## Dataset records
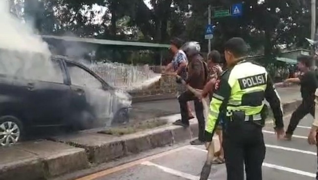Sebuah mobil Toyota Avanza bernopol B-2170-UZJ terbakar di Jalan Raya Jakarta-Bogor, Cibinong, Kabupaten Bogor, Jawa Barat. Polisi menjelaskan detik-detik kebakaran terjadi.
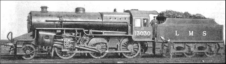 Of 0-8-0 locomotives the L.M.S. is the principal user. Hundreds of this wheel arrangement were built before the grouping by the late London and North Western Railway, many more by the Lancashire and Yorkshire Railway (which built the biggest and heaviest 0-8-0's in Britain), and a few by the Caledonian Railway. After the grouping a new and handsome standard design was turned out, with 19 in. by 26 in. cylinders, 200 lb. per sq. in. working pressure, 4 ft. 8-1/2 in. driving wheels. and a weight in running order of 60-3/4 tons ; a large number of this type also has been built. Before leaving the matter of eight-coupled freight engines, it is not without interest to recall that the only eight-coupled locomotives ever built by the Midland Railway were not for its own use, but for that of the Somerset and Dorset Joint Railway, of which it was part owner. This line has to work coal from the Somersetshire coalfield over 1 in 50 grades through the Mendip Hills. These 2-8-0 engines also form a part of the locomotive stock of the L.M.S., which is now responsible for providing all locomotive power on the Somerset and Dorset. Widely used as are ten-coupled tender locomotives for freight service in other countries, none have been built for British use, other than the solitary Midland example—now No. 2290 of the L.M.S.—which was a four-cylinder locomotive designed expressly for banking trains up the 1 in 37.7 grade of the Lickey incline in Worcestershire. But no further examples were built. No. 2290 has four 16-3/4 by 28 in. cylinders, 4 ft. 7-1/2 in. driving wheels, a working pressure of 180 lb. per sq. in., and a weight in running order of 73-3/4 tons.
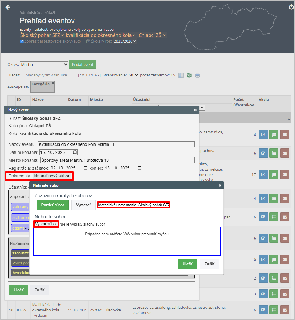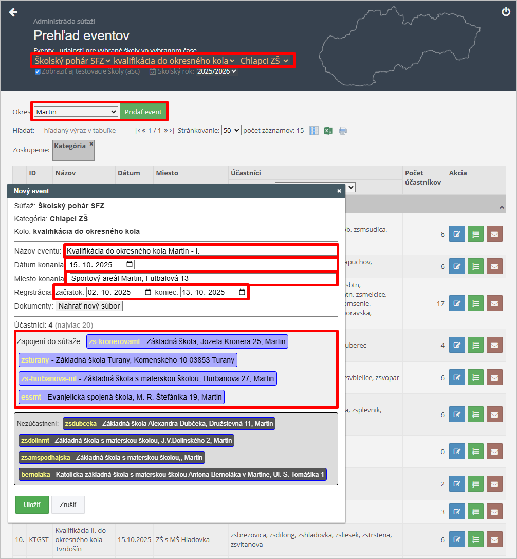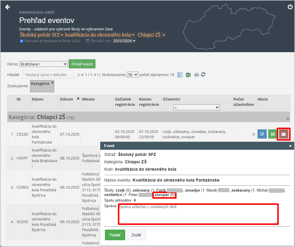 V správe je potrebné školy informovať, že event je pre nich už vytvorený a že je možné prihlásiť na súťaž konkrétnych žiakov, stiahnuť si súpisku, prezenčnú listinu.
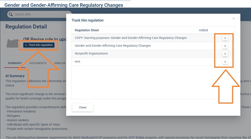 During my review, I found that most relevant federal regulatory notices were already included in my results. However, I also identified additional relevant state notices that were not previously identified. When you find a relevant regulation, click “+ Track this regulation,” then select the “+” next to regulation sheet where you are adding the regulation. A date next to the ‘+’ indicates that notice is already being tracked.
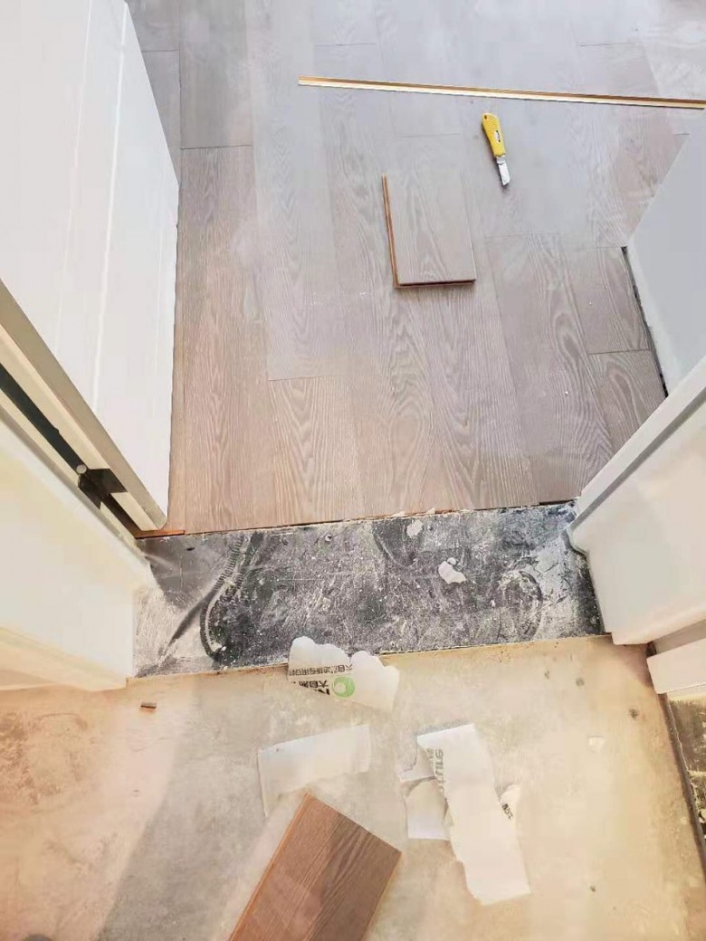 其实地板比过门石高1mm的样子,还好师傅手艺好,两边涂上玻璃胶,安装可以的。
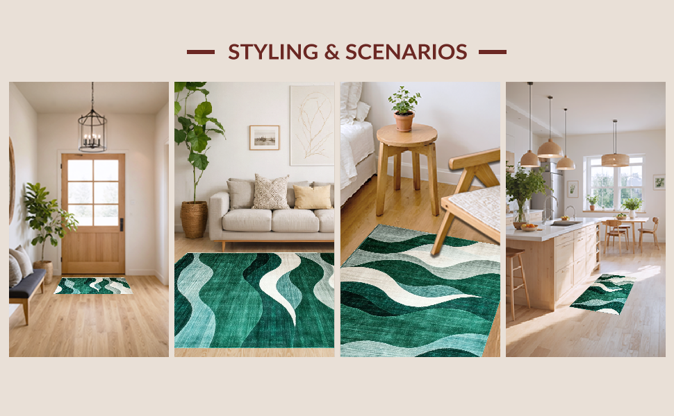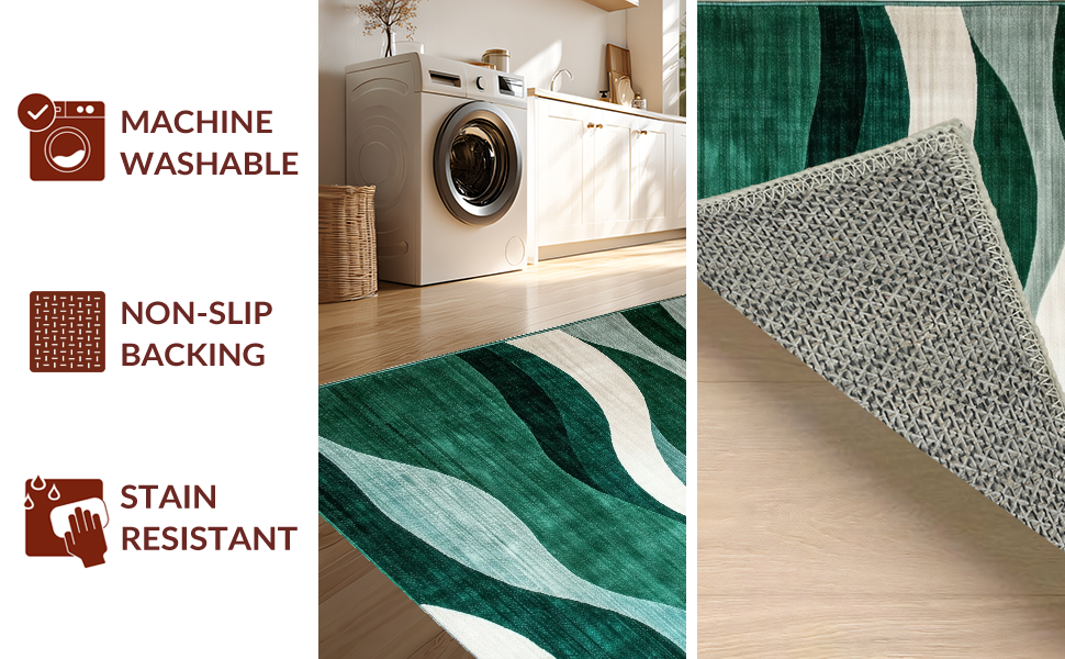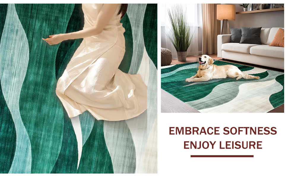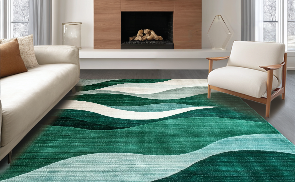 Ultra Soft Area Rug, Non Slip, Stain Resistant, Washable Area Rugs for Living Room, Bedroom, Vibrant Playful Modern Shapes(Green) Overview:
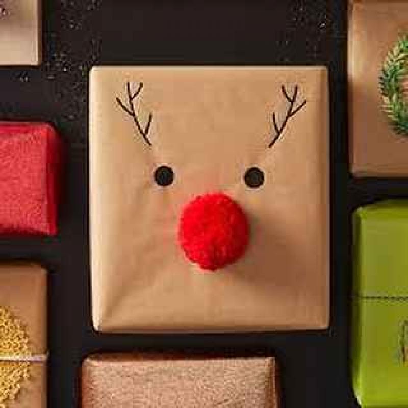 Haal de kunstenaar in jezelf naar boven en maak van je geschenk een grappig kersfiguur. Denk daarbij aan een rendier of een kerstelf. Moeilijk is het niet en je hebt er ook niet veel voor nodig. Teken een paar ogen, oren en gewei op een ander stuk papier en knip ze uit. Plak ze hierna op je cadeautje. Vergeet als finishing touch zeker de rode neus niet, anders is Rudolf het rendier niet compleet. Deze methode pas je ook toe wanneer je de elf maakt. Teken het kledingstuk van het hulpje van de kerstman op een rood stuk papier en knip het uit. Piece of cake!
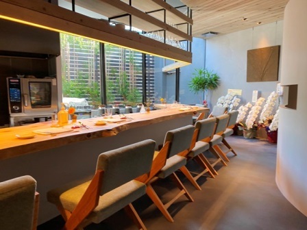 店主さんは京都祇園『千花』で修行を始め、フレンチに転向、ニューヨーク3星レストランAlain Ducasse at the Essex Housで3年間アランデュカス氏に師事、香港ピエール・ガニエール、マンダリンオリエンタル東京レストラン副料理長、エンポリオアルマーニカフェ料理長、上野風月堂料理長、アマン東京料理長を歴任したそうです。
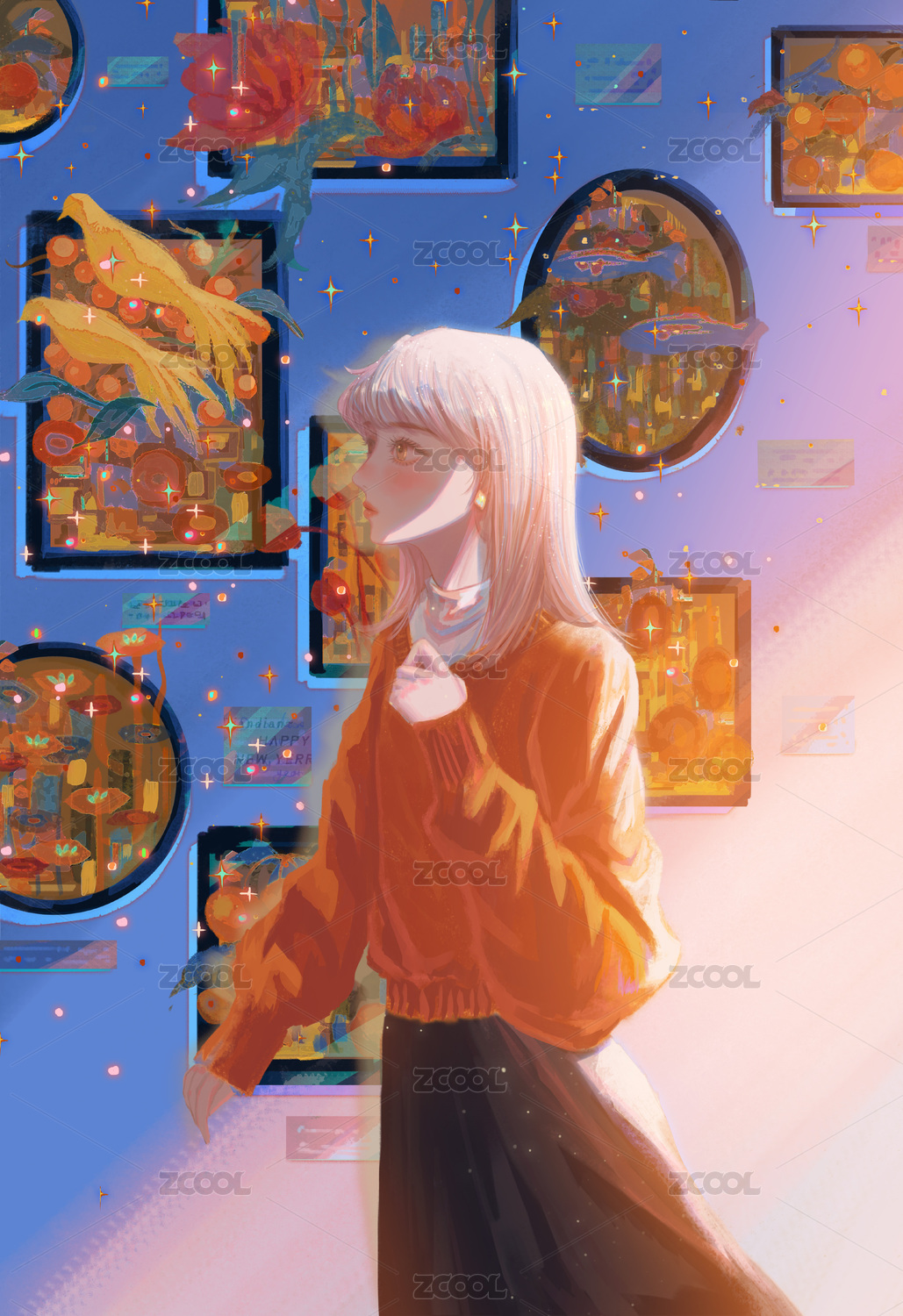少女畫展中漫步
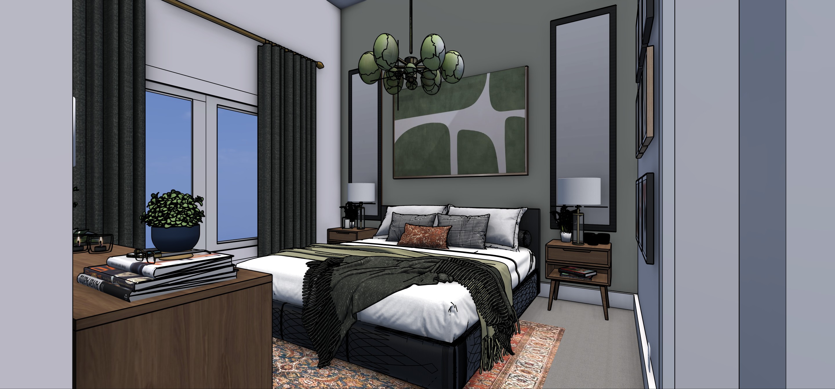 interior shot add dynamic lighting to scene moody but not too dark make the night lamps have a green glass base black mirrors on both sides of bed ontop of nightsands
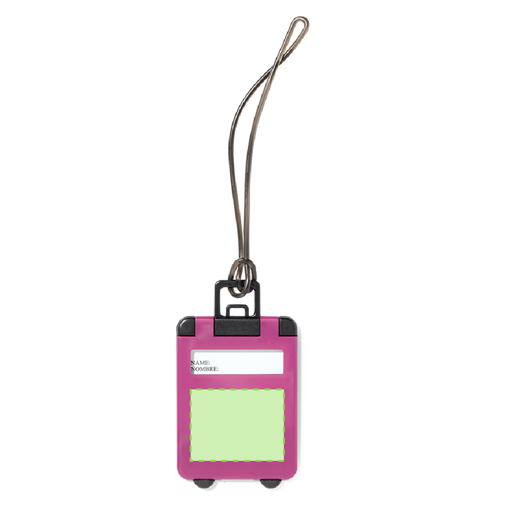 Bagage label in origineel design van stevig tweekleurig materiaal en in verschillende kleuren. Met stevige koppelingsriem en identificatiekaart in het Spaans en in het Engels.

## Problem details
Although the records above contain pictures, the copy must not; set down exactly the lines from the one with "During my review, I" up to and including the one with "interior shot add".

## Response area
 During my review, I found that most relevant federal regulatory notices were already included in my results. However, I also identified additional relevant state notices that were not previously identified. When you find a relevant regulation, click “+ Track this regulation,” then select the “+” next to regulation sheet where you are adding the regulation. A date next to the ‘+’ indicates that notice is already being tracked.
 其实地板比过门石高1mm的样子,还好师傅手艺好,两边涂上玻璃胶,安装可以的。
 Ultra Soft Area Rug, Non Slip, Stain Resistant, Washable Area Rugs for Living Room, Bedroom, Vibrant Playful Modern Shapes(Green) Overview:
 Haal de kunstenaar in jezelf naar boven en maak van je geschenk een grappig kersfiguur. Denk daarbij aan een rendier of een kerstelf. Moeilijk is het niet en je hebt er ook niet veel voor nodig. Teken een paar ogen, oren en gewei op een ander stuk papier en knip ze uit. Plak ze hierna op je cadeautje. Vergeet als finishing touch zeker de rode neus niet, anders is Rudolf het rendier niet compleet. Deze methode pas je ook toe wanneer je de elf maakt. Teken het kledingstuk van het hulpje van de kerstman op een rood stuk papier en knip het uit. Piece of cake!
 店主さんは京都祇園『千花』で修行を始め、フレンチに転向、ニューヨーク3星レストランAlain Ducasse at the Essex Housで3年間アランデュカス氏に師事、香港ピエール・ガニエール、マンダリンオリエンタル東京レストラン副料理長、エンポリオアルマーニカフェ料理長、上野風月堂料理長、アマン東京料理長を歴任したそうです。
少女畫展中漫步
 interior shot add dynamic lighting to scene moody but not too dark make the night lamps have a green glass base black mirrors on both sides of bed ontop of nightsands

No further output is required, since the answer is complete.